Eccentricity

People employed in tech have come to rely on an idea:  Everything can be measured.  Every interaction a user has with a website or application we’ve built – where their cursor goes, how long they last on any given page.  It can all be measured, it can all be tested and compared.

Countless consultants, technologies, entire businesses have sprung up to facilitate the aggregate measure and analysis of this kind of data.  How do users respond to a slight change in verbiage?  Will users react favorably if we change the order of a checkout flow? Does the color of this button matter?

With enough data, with enough users, with enough measured interactions, the shape that materializes is seems to be the average customer, user, human.  The context is often pretty narrow (“How does the average human visiting my site behave?”), but still – people are tirelessly working to distill broad, generic, useful insights into how the average human thinks and behaves from the specific actions of huge swaths of people.

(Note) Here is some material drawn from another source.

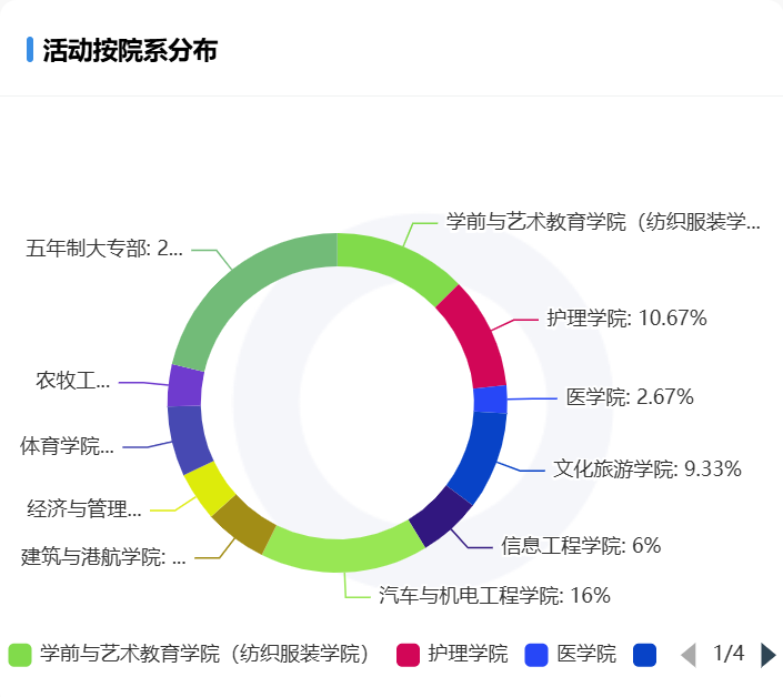 各院系发布的活动数量占比,数量较多的学院依次有五年制大专部、汽车与机电工程学院和学前与艺术教育学院。
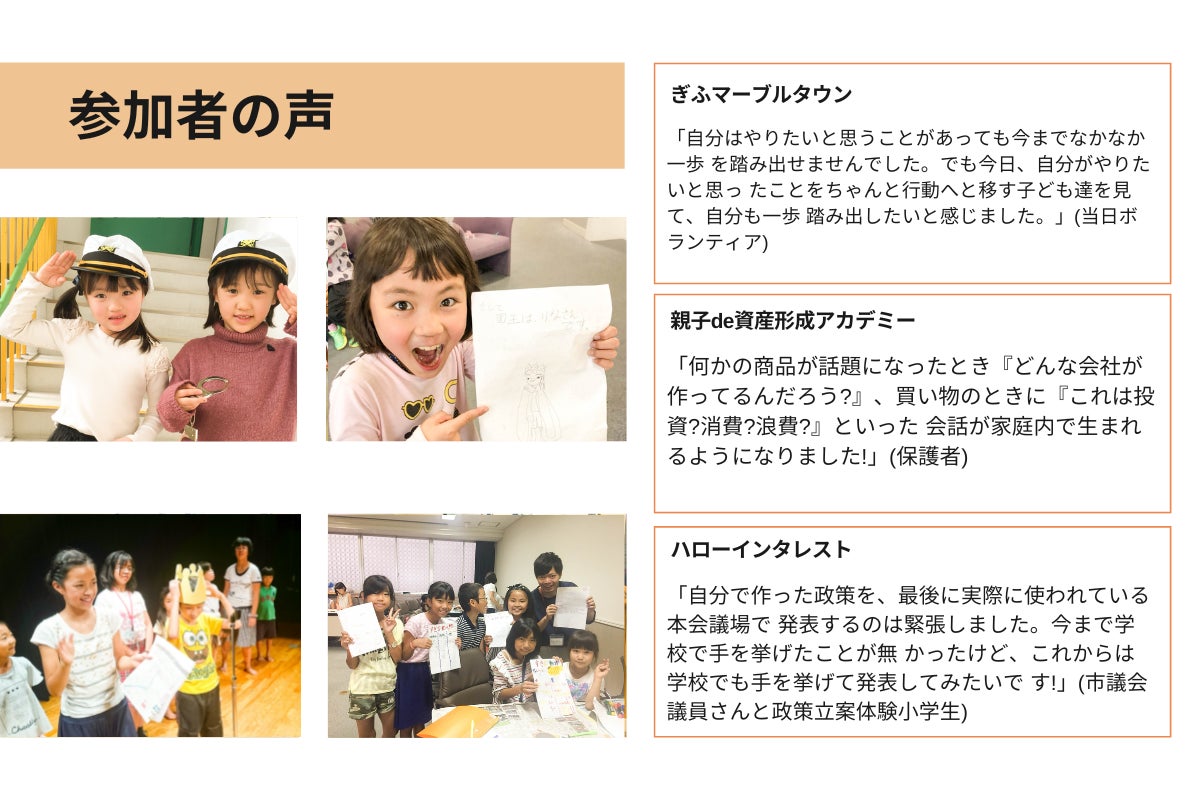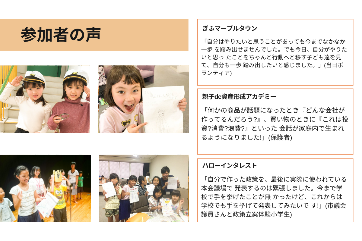 ぎふマーブルタウン:失敗と挑戦が許容された仮想都市の運営・発展を通して主体性・協調性・創造性を育む。年2,3回の開催でのべ5,152名の小学生が参加。特に多い回では1日791名の小学生と100名を超えるボランティアが参加。

Growing up, I’d classify someone as “eccentric” as a way to put a friendly spin on reality, which is that I thought they were so odd as to deserve to be identified, categorized, as something distinct – outside of the circle of “acceptable social acquaintance”.  I’d willingly interact with them, even be a friend, but all this was done in spite of said eccentricity, certainly not because of it.

People who dressed a little weird – not in a way that demanded attention, just off.  Or who were a little too into something.  Maybe a sport.  Maybe religion.  Or who couldn’t quite get what was acceptable to like, to dislike.

As an adult, I find myself characterizing it by anything that raises an eyebrow.  Or maybe anything that elicits a reaction – a reaction like “That seems like a waste of [time|money|effort]”.  “That seems silly”.  “I can’t believe they did that”. 


I can’t help to start to overlay the same types of big data aggregate analyses onto real life people, people I see and interact with every day.  Why we wear what we wear (shoes!), why we eat what we eat, read what we read, what we choose to spend money, time, and effort on.  How much of what makes me me is really just manifestation of the average human in my demographic?

Against that background, it feels like the only thing that differentiates, that matters in identifying who a person is is where they deviate from the norm.  The scenarios in which one person clicks a link  but very few others do.  Maybe a person’s eccentricities – the collection of behaviors, actions, reactions – which baffle or even concern their peers and acquaintances, are actually the most meaningful things about them.

Most of us manage to fit the norm most of the time – either because we just do naturally, or because where we don’t, we’re trained to avoid sticking out.  As a result, the eccentricities – the rough edges, the pieces that don’t fit – can be identified as being somehow so deeply ingrained in us that we can’t smooth them out, or because we care about them so deeply that we’d prefer to leave them as they are.

And that’s interesting.  That’s all.